Cloud security encompasses multiple domains – from vulnerabilities, compliance violations, runtime events, to CI/CD security – each with numerous data sources and its own formats and semantics. Most users, including experts, are not experts in all these domains. For AI to be helpful here, it needs to understand the jargon and implications of these knowledge silos and then correlate data from these domains into a cohesive story. It should help users fill their knowledge gap and help them connect the dots between seamlessly unrelated events.
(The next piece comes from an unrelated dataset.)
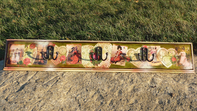 I modge podged some doilies, roses, and cool images onto a board and added hooks.

AI should be smart enough to aid security partitioners in assessing risk across disparate events, prioritize a deluge of tasks, and in making judgment calls and decisions. It should help them understand the scope of an attack, separate the needle from the haystack, and identify correlations.
AI should go beyond one-off stateless answers to a specific question and be able to string together the broader context and intent of an entire line of questioning. With the broader context, it should proactively make suggestions to partitioners on further queries, actions, and next steps helping to get a solution or resolution faster.
AI should simplify the human to user interface (UI) interactions by providing a natural language interface to visualize results and execute actions directly in chat. For example, it should be able to help partitioners patch vulnerabilities, guide them through the UI, create a threat detection rule, and more.
Reducing hallucinations and safeguarding privacy
Two common concerns around generative AI are hallucinations and privacy. Hallucinations are when the AI just pulls something from the ether and makes up an answer that oftentimes sounds convincing, but is ultimately incorrect. Additionally, many organizations are concerned about sharing their data to help train LLMs because they fear it may accidentally expose their data and compromise privacy. To address these concerns, a key architecture approach is to use an intermediary controller that mediates user interactions with AI and has the capability to use multiple LLMs to take advantage of the strengths of each. The controller should provide expert guidance, validate the accuracy of the responses from AI to prevent hallucinations. It also acts as a filter to anonymize sensitive user data before it is sent to the LLM to help address privacy issues.
AI makes security practitioners better
This generative AI architecture for cloud security helps bring AI along the side of any security partitioner and presents them with knowledge and context they need in a timely and focused manner. It enhances decision making by combining the collective intuition of human experts and continuous learning from LLMs. It can help better prioritize risks, speed investigation and response times, and simplify cloud security for everyone whether you are a security expert or not.